#### What you will do:
Output the entries below exactly, from the first line to the line holding "外泌体为基础搭载Wnt agonist 1", both included.

┄┄┄┄┄┄

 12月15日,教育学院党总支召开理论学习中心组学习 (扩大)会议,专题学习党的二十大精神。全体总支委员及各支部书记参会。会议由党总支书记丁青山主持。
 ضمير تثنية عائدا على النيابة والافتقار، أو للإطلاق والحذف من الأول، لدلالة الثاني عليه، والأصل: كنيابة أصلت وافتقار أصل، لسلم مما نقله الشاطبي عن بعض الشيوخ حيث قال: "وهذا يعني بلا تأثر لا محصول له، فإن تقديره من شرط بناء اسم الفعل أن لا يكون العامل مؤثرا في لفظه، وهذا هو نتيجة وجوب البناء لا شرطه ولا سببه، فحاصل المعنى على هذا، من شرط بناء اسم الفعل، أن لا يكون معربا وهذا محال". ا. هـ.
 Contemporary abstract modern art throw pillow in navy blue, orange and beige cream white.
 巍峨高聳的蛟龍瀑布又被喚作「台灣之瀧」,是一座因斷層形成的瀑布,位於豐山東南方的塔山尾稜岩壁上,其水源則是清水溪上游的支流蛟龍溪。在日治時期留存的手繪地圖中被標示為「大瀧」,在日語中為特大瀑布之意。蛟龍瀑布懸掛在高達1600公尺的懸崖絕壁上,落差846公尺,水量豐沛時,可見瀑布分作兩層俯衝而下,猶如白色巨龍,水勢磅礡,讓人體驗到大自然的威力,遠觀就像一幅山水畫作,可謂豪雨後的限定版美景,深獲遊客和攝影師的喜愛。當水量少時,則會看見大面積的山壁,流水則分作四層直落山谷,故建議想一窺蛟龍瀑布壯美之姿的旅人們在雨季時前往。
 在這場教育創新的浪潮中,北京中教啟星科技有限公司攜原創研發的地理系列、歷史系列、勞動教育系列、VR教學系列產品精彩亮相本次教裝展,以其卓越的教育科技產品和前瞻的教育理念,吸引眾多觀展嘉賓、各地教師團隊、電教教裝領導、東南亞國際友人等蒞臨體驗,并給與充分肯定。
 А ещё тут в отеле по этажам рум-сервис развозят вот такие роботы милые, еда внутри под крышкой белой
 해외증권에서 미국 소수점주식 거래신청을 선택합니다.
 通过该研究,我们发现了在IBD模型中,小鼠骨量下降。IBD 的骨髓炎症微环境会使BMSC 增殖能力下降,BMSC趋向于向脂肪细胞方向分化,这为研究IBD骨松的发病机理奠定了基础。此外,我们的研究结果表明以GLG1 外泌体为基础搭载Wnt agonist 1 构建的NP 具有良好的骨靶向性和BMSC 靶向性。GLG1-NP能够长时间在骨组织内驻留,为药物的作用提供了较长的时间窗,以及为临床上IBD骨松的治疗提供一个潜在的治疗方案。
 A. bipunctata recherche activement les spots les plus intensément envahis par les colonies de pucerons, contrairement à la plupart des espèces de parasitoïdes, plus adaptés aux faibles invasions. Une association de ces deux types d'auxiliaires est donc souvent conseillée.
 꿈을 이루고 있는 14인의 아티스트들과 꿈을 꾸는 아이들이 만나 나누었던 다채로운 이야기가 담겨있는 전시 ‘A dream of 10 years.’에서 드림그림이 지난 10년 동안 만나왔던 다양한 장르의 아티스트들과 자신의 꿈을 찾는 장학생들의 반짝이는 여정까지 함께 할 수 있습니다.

┄┄┄┄┄┄

#### Written answer:
 12月15日,教育学院党总支召开理论学习中心组学习 (扩大)会议,专题学习党的二十大精神。全体总支委员及各支部书记参会。会议由党总支书记丁青山主持。
 ضمير تثنية عائدا على النيابة والافتقار، أو للإطلاق والحذف من الأول، لدلالة الثاني عليه، والأصل: كنيابة أصلت وافتقار أصل، لسلم مما نقله الشاطبي عن بعض الشيوخ حيث قال: "وهذا يعني بلا تأثر لا محصول له، فإن تقديره من شرط بناء اسم الفعل أن لا يكون العامل مؤثرا في لفظه، وهذا هو نتيجة وجوب البناء لا شرطه ولا سببه، فحاصل المعنى على هذا، من شرط بناء اسم الفعل، أن لا يكون معربا وهذا محال". ا. هـ.
 Contemporary abstract modern art throw pillow in navy blue, orange and beige cream white.
 巍峨高聳的蛟龍瀑布又被喚作「台灣之瀧」,是一座因斷層形成的瀑布,位於豐山東南方的塔山尾稜岩壁上,其水源則是清水溪上游的支流蛟龍溪。在日治時期留存的手繪地圖中被標示為「大瀧」,在日語中為特大瀑布之意。蛟龍瀑布懸掛在高達1600公尺的懸崖絕壁上,落差846公尺,水量豐沛時,可見瀑布分作兩層俯衝而下,猶如白色巨龍,水勢磅礡,讓人體驗到大自然的威力,遠觀就像一幅山水畫作,可謂豪雨後的限定版美景,深獲遊客和攝影師的喜愛。當水量少時,則會看見大面積的山壁,流水則分作四層直落山谷,故建議想一窺蛟龍瀑布壯美之姿的旅人們在雨季時前往。
 在這場教育創新的浪潮中,北京中教啟星科技有限公司攜原創研發的地理系列、歷史系列、勞動教育系列、VR教學系列產品精彩亮相本次教裝展,以其卓越的教育科技產品和前瞻的教育理念,吸引眾多觀展嘉賓、各地教師團隊、電教教裝領導、東南亞國際友人等蒞臨體驗,并給與充分肯定。
 А ещё тут в отеле по этажам рум-сервис развозят вот такие роботы милые, еда внутри под крышкой белой
 해외증권에서 미국 소수점주식 거래신청을 선택합니다.
 通过该研究,我们发现了在IBD模型中,小鼠骨量下降。IBD 的骨髓炎症微环境会使BMSC 增殖能力下降,BMSC趋向于向脂肪细胞方向分化,这为研究IBD骨松的发病机理奠定了基础。此外,我们的研究结果表明以GLG1 外泌体为基础搭载Wnt agonist 1 构建的NP 具有良好的骨靶向性和BMSC 靶向性。GLG1-NP能够长时间在骨组织内驻留,为药物的作用提供了较长的时间窗,以及为临床上IBD骨松的治疗提供一个潜在的治疗方案。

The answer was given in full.